Speech Title:Structure-Guided Multi-scale 3D Reconstruction and Modeling
Abstract:3D modeling and geometric analysis are the foundation for artificial intelligence systems to perform spatial perception, cognition, and interaction. They are also key technologies for reconstructing neural connectivity structures in the field of brain neuroscience. High-precision 3D reconstruction and accurate morphological analysis of various targets with significant scale differences, diverse shapes, and varying data quality poses tremendous technical challenges. Structural information provides important high-level guidance to eliminate ambiguities in fine reconstruction, aligning more closely with human visual perception and cognitive mechanisms. In this talk, I will report our recent work on 3D scene reconstruction based on neural rendering, 3D object surface reconstruction from point-based representation, and neuron morphology analysis and reconstruction, following the key concept of leveraging structure priors during reconstruction.
Jing Huo
School of Computer Science, Nanjing University, Associate Professor
Biography:
Jing Huo is an Associate Professor and Ph.D. supervisor in the School of Computer Science at Nanjing University.

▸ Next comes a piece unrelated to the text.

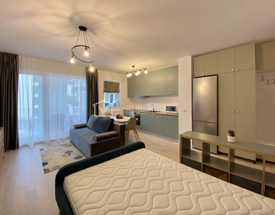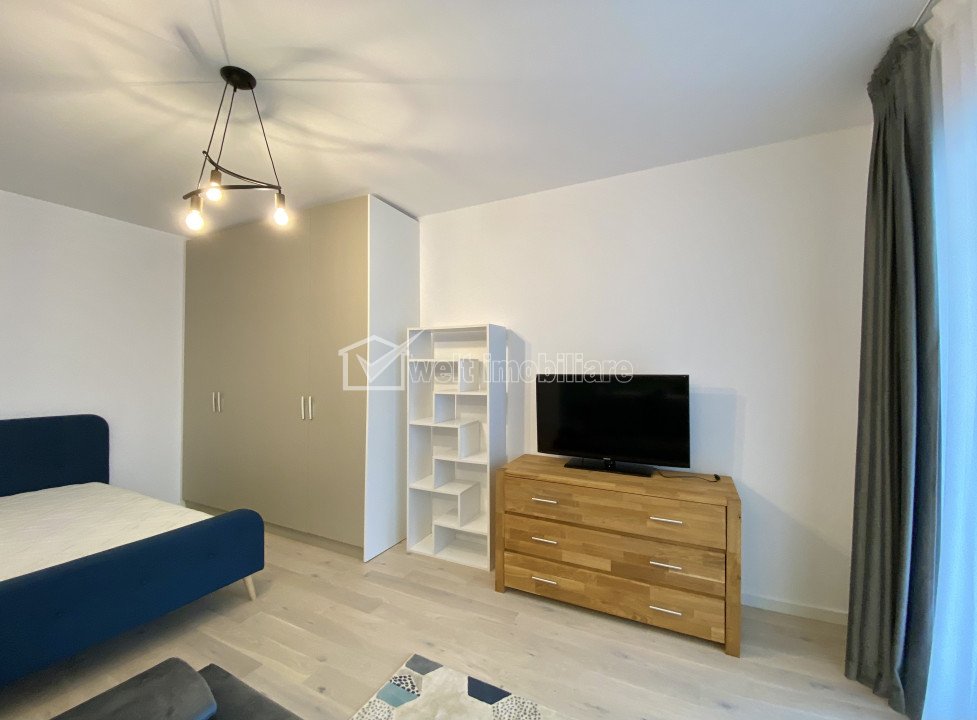 Inchiriere apartament cu 1 camera, optional garaj, Record Park, centru Cluj-Napoca, Centru 1 camera • 38 m2 • 1 baie • etaj 2/6 • semidecomandatfinisat • mobilat complet pret chirie 390 €/luna + 13 + 10 Inchiriat Caracteristici Tip locuinta Apartament Tip imobil bloc de apartamente Numar camere 1 Numar bucatarii 1 Numar bai 1 Numar balcoane 1 Numar garaje 1 Parcare nu Supr. construita 49 m2 Suprafata utila 38 m2 Compartimentare Semidecomandat Confort 1 Etaj 2/6 Construit cu Caramida An constructie 2021 Disponibilitate imediat Descrierea Apartamentului Welt Imobiliare ofera spre inchiriere apartament cu 1 camera, ultrafinisat si mobilat, situat în zona semicentrală, într-un ansamblu rezidențial nou și modern - Record Park. Apartamentul se află la prima inchiriere, este poziționat la etajul 2 al imobilului, iar orientarea spre curtea interioara amenajata cu spatiu verde, oferă multă liniste și astfel un mediu foarte plăcut. Desfasurat pe o suprafata generoasa de 38 mp, se ofera complet mobilat si utilat modern, totul fiind de o foarte buna calitate. Apartamentul beneficiaza de centrala pe imobil cu incalzire in pardoseala. Daca se doreste, se poate beneficia contra cost si un loc de parcare in garajul subteran! Referindu-ne la Record Park, acesta beneficiaza de un supermarket Mega Image la parter, spatii verzi, zone recreative, restaurant, acces facil la World Class, iar pozitionarea langa cladirile The Office si distanta foarte mica fata de zona ultracentrală, fac din acest ansamblu o alegere potrivita si un loc excelent pentru locuit. ID Proprietate - P28970 Utilitati, Finisaje Utilitati generale: Electricitate, Apa, Gaz, Canalizare, Cablu TVSistem de incalzire Centrala de imobil, Calorifere Finisaje: Izolatii termice (Bloc izolat termic), Pereti (Vopsea lavabila, Faianta), Podele (Parchet, Gresie), Ferestre cu geam termopan (PVC), Usa intrare (Metal), Usi interior (Lemn) Dotari: Bucatarie (Mobilata, Utilata), Contorizare (Apometre, Contor caldura), Mobilat (Complet), Dotari imobil (Videointerfon, Lift, Spatii agrement, Curte comuna), Electrocasnice (Masina de spalat rufe, Frigider, Aragaz, Masina de spalat vase, TV, Cuptor microunde, Hota) Vecinatati si puncte de interes in zona Liceul Avram Iancu, The Office Amenajare strazi (Asfaltate), Iluminat stradal, Mijloace de transport in comun Numar vizualizari: 3349

She received her Ph.D. in Computer Science from Nanjing University in 2017 and her B.S. from the Honors School of Nanjing Normal University in 2011. She has held visiting research positions at the University of Manchester and the University of Hong Kong. In 2022, she was selected for the National High-Level Young-Talent Program. In 2018, she received the Excellent Doctoral Dissertation Award from the Jiangsu Computer Society and the Second-Class Prize of the Jiangsu Science and Technology Award.Her research interests encompass novel machine-learning techniques, including generative models, few-shot learning, reinforcement learning, and their applications to intelligent perception and decision-making. She was founded by the National Natural Science Foundation of China, Jiangsu Natural Science Foundation, etc. She has published more than 70 papers in leading journals and conferences, such as CVPR, ICCV, AAAI, IJCAI, ACM MM, TPAMI, TIP, TMM, TNNLS, TCYB, and PR.

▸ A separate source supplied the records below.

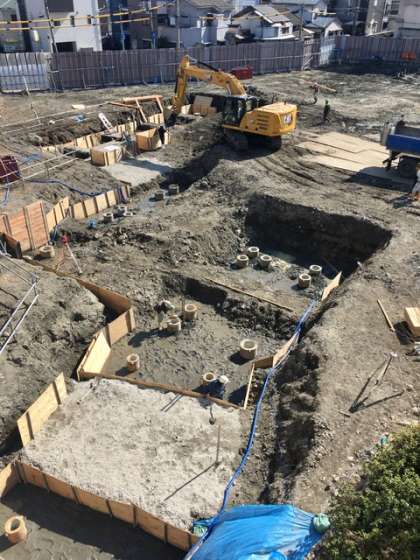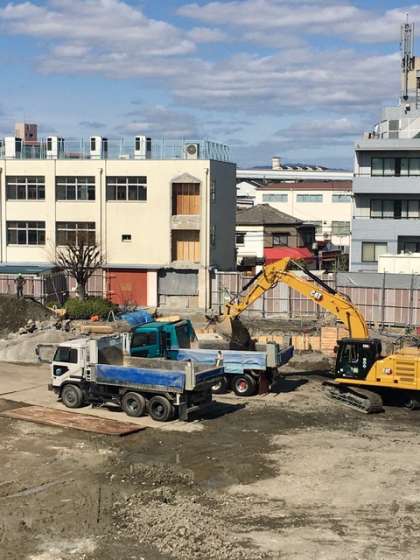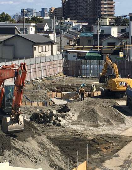 さて、久しぶりに校舎建て替え工事の様子をお知らせします。先月までの杭打ち工事を終え今週からは、新校舎の基礎工事のための掘削工事が始まりました。丸く見えるのが杭です。大きな校舎が建つので、見合った基礎を作るために穴を掘っています。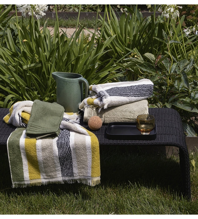 Realizzata in cotone di qualità tinto in filo, la spugna Gradazioni si aricchisce di nuovi colori per accostarsi alle differenti stagioni con il suo sempre attuale motivo a righe.Spugna 500gr/mq tinta in filo melange.Ospite 38x50...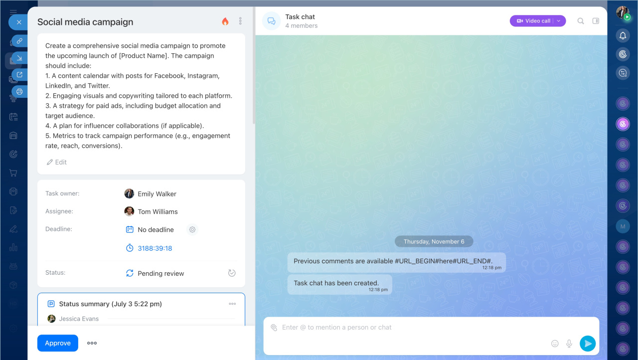 Tasks are no longer lost in chats—everything you say in voice messages is captured in tasks, helping the team stay on track.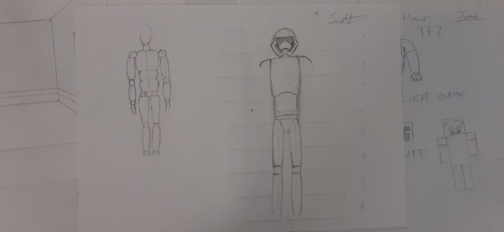 We then used the traced version to copy the outline onto paper. We then added colour and developed the character further.

Speech Title:Research on Open-World Robotic Manipulation Technologies
Abstract:Open-world robotic manipulation faces numerous complex challenges, including, open-set semantic understanding of objects, long-horizon task planning, and precise execution. This talk will first highlight the latest research progress that combines imitation learning with large model techniques for tabletop manipulation tasks. We will then present our work on generalizable, long-horizon robotic manipulation tasks. Finally, future directions for these technologies will be discussed.